Pedir una señal a Dios es una acción estrambótica, típica del desconfiado. Lo mismo hizo el padre de Juan Bautista cuando el ángel le contó que su anciana mujer iba a concebir un hijo, no se lo creyó, le pareció que había tenido una visión de pesadilla. A mí dadme una señal, dice el escéptico, y entonces ya veré lo que hago. El que ama, sencillamente se fía, porque sabe que lo que el amado cuenta es palabra de honor, palabra irrevocable. Si el Señor dijo, “yo soy la resurrección y la vida, el que cree en mí aunque haya muerto vivirá”, sólo un enamorado dice “me lo creo porque te conozco y deseas todo el bien para mí”. Porque sólo el amor es digno de fe.

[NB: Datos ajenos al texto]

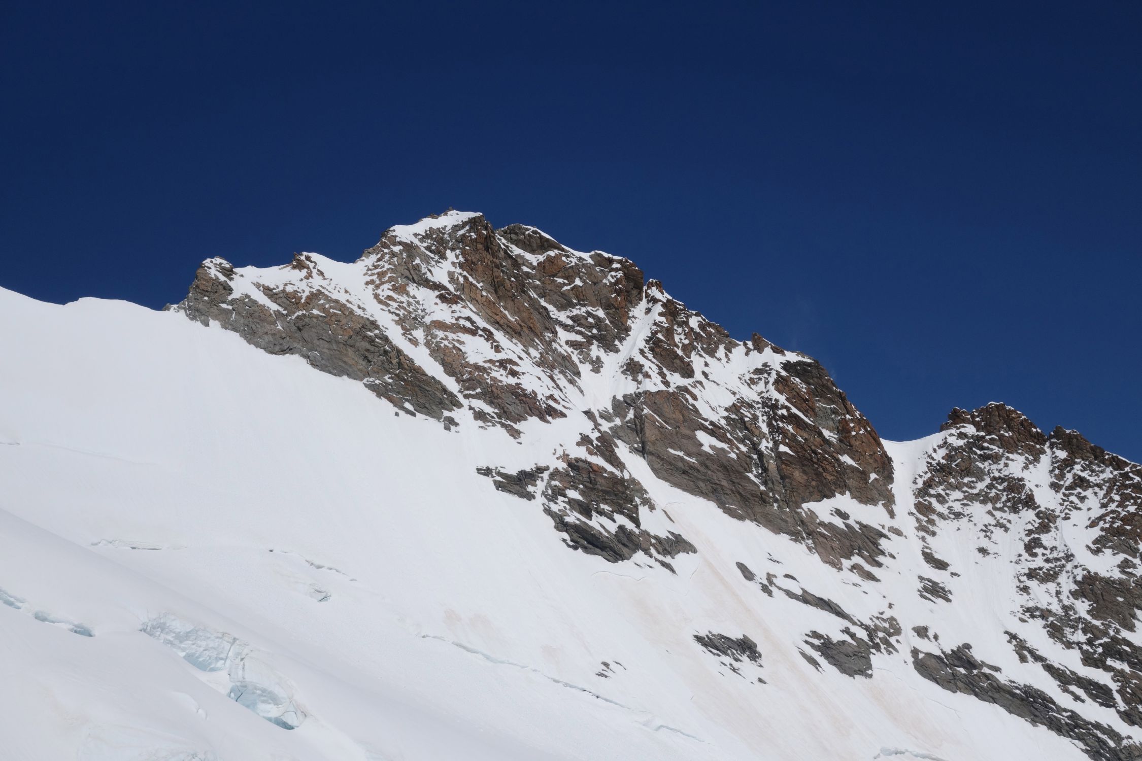 Vom Jungfraujoch via Louwitor (3658 m) über den Col P.3630 und den Nordgrat des Gletscherhorns aufsteigen bis kurz unter den Bergschrund unter der Felsspitze P.3863 m. Unterhalb dem Bergschrund bleiben und in die Mulde unter der E-Flanke traversieren (bis 35°). Die E-Flanke (60 Hm, bis 47°) nach S traversieren um die markanten Scharte (3880 m) unterhalb des SE-Grat zu erreichen.
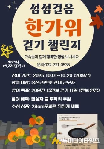 옹진군은 오는 22일부터, 10월 가을철 군민 건강증진과 걷기 실천 확산을 위해 '섬섬걸음 한가위 걷기 챌린지'참가자를 모집한다고 밝혔다.

Recuerdo el caso de un amigo sacerdote que tras realizar la unción a un enfermo, la gracia del sacramento le salvó la vida. El enfermo, a quien los médicos habían desahuciado, recuperó su vida ordinaria. Su mujer, una persona no creyente, se dirigió al sacerdote y le dijo, “muy bien, me has devuelto a mi marido y te lo agradezco, pero esto no me hace creer en Dios”. ¿No resuenan aquí las palabras del Señor en el Evangelio “al que tiene se le dará, y al que no tiene se le quitará hasta lo que tiene”. Porque el creyente, el amante, se fía y su confianza brota de una fuente que nunca se agota.

El Señor dice a los que se apretujaban para oírlo, “esta generación pide una señal, y no se le dará más que un signo, el signo de Jonás”, que estuvo tres días en la panza del cetáceo. Aquí el Señor hace el spoiler de su propia muerte, adelanta que el milagro verdadero que Dios propone al mundo será su muerte, su reducción a cenizas. Y allí es donde los enfermos del mundo se reunirán para poder mirar algo asombroso, las llagas de Dios son llagas humanas clavadas a una cruz. Nada tan consolador para quien sufre que encontrarse delante de un Dios que conoce el significado en profundidad de la palabra “empatía”, se pone en nuestro lugar, mira el sufrimiento humano desde el suyo y nos salva muriendo.

¿Hace falta un signo mayor? ¿Quién se atreve a tanto? Por eso, estos días de Cuaresma contemplamos a diario la señal silenciosa de la cruz: un Dios mudo, traspasado y enamorado, he ahí el milagro.